Once you have done such, you would have a well-functioning responsive WordPress theme utilizing Bootstrap that you package activate via the WP dashboard.

PSD to WordPress Theme On Bootstrap

Ready to kick things off?

 

A few additional thoughts

Slowly but surely, Responsive Web Design should become a dominant standard as building future-ready websites. These days, almost all websites are powered by this fantastic technique to deliver users an optimal viewing and interaction experience, irrespective of the device they are using, whether it’s a phone, tablet, or laptop/desktop device.

According to a recent survey conducted by the Google Webmaster team on Google+, over 81% of people prefer to use a responsive design approach to make their websites render correctly on all kinds of devices.

That’s how? It is essential to learn how to build a WordPress website theme utilizing Twitter Bootstrap or another responsive framework to your web design from a PSD. While there are plenty about available website themes, creating your own custom WP theme using Bootstrap is the ultimate expression of creativity in web design.

Even though WP dominates over 24% of all websites, converting a Photoshop file (PSD) into a well-functioning responsive theme is not as easy as you think. This requires you to have a good grip on writing CSS media queries that ultimately dictate whether or not a template is responsive.

Wouldn’t it do better if you make a pre-coded responsive stylesheet packed, including all essential features?

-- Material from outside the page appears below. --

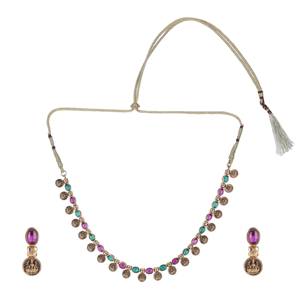 Details Size : Necklace L-18" X W-.5" Earring L-1.3" X W-0.5" Stone Setting : String(s) : Drop(s) : Finish : Gold Plated Finding : Art Karat Jewelry is plated with 22k gold, studded with precious, semi-precious and natural gemstones. We...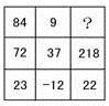 A.106 B.166 C.176 D.186 答案:D。 解析:沿行的方向看:(72+37)×2=218,[23+(-12)]×2=22。因此?=(84+9)×2=186。">

Thanks to Bootstrap, the world’s most popular responsive front-end framework for making developers’ life more comfortable, this is now a somewhat more straightforward task than it used to be. In this article, we’re working to show you whereby to convert a PSD template within a responsive WordPress theme using Bootstrap as your community framework.

Once again, we first turned our PSD to Bootstrap, therefore essentially, the first part is really and truly a PSD to Bootstrap tutorial.

Later, in the second section, converts the files we developed inside a WordPress theme, therefore at that point, it all becomes a PSD to Bootstrap tutorial.

 

Download our pack of 25 WordPress (Bootstrap or not) Beginner Themes

Just like always, we like to make your life easier by giving you a bunch of things to help get you started. After you’ve learned the basics about creating a WP theme, why not receive started with one from the WordPress Starter themes.

Top Essential Tip:

Creating a great website design requires quite an advanced skill set. Although writing it yourself might seem like the best option, hiring a great WordPress developer (for example, from Toptal) is probably much more cost-effective in the long run. In essence, you’ll get a great result in a short time.

Final thoughts

That’s all for now about how to build a responsive Bootstrap WordPress theme from a PSD file. Whether you’re a newbie or a pro, this PSD to Bootstrap tutorial and then to WP should surely provide you with the most simplified way of achieving your desired result.

However, if you face any problem in the PSD to WordPress conversion process, there are two things you can do. You can hire a web developer on Toptal, where they have the top 3% of talent worldwide, so you don’t have to worry about quality. Alternatively, you can hire a professional WordPress developer.

Tell us what you think? Do you need some more details on any specific parts of this tutorial/guide? We’d love for this guide to be useful to you, so please help us help you!